Noëla Malard, restorer, welcomes members of the Musée de l’Homme network to Beaupouyet

Raymond Malard, her son, testifies: « René Sénéchal [a member of the network] came twice a month, each time with about twenty people. They arrived at our house at night by crossing the demarcation line on foot. We had a dog that slept in the kitchen. When he started to growl, my mother would say: « It’s Sénéchal who’s coming. « A few minutes later, there was a knock on the door. The arrivals would go into the ballroom and soup would be brought to them. They slept there, on mattresses that had been used by the Alsatians a few months earlier. They left the next morning. I don’t know how Sénéchal got our address, but he would come to our house in complete confidence.

Noëla Malard.

German provocations on the demarcation line

« Arriving on the Villefranche [de-Lonchat] road, we were approaching the roadblock ‘at the Carsac post’ when we saw a German patrol consisting of two men. Immediately they called out to us in German […]. I answered them in German, which seemed to surprise them, and asked them what they wanted. They told me that we had no right to pass along this road, which was in the occupied zone, and that the sign had been… torn down, which they said must be in a place they vaguely pointed out. […] As [one of the two] continued to be on familiar terms with me, I asked him if he knew who he was dealing with and that he only had to be polite to me. […] He said to me: ‘Even if you are the relative of the Emperor of China, I don’t care. Report of the Brigadier

chief of customs at the Saint-Rémy-sur-Lidoire post, October 1940.

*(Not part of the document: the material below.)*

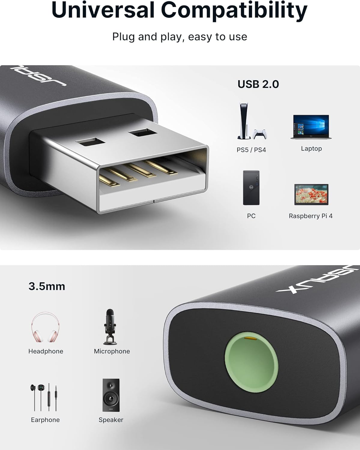 【USB to 3.5mm jack audio adapter】 Ideal to connect a CTIA 3.5mm headset, TRRS mic or speaker to PC via USB interface. Support stereo sound listening + speaking, dual functions. Easily add a 3.5mm TRRS aux port for your devices, or a replacement for a failed USB sound card audio adapter. (Unidirectional audio transmission: For listening functions, this USB port is output, not input. Audio can only transfer from USB port to 3.5mm port)

The beginnings of Fernande Escudié’s activity as a border-crosser, a tobacconist in Montpon

« My older brother, Gaston, lived in Bordeaux. He worked in the branch of a luxury fabric shop that belonged to a Jewish owner. The main shop was in Paris. In the autumn of 1940, my brother asked me to take the manager to the free zone. The man arrived one day with a fishing rod and a bag to give the impression that he was a Jew. I asked for help from a military friend who lived in Mussidan, but whose parents lived in Saint-Barthélémy-de-Bellegarde. He was riding a motorbike and knew perfectly well the places to cross the line at night in Saint-Barthélémy-de-Bellegarde. The crossing was carried out without any problem. Then my brother asked me if I could get other Jews through.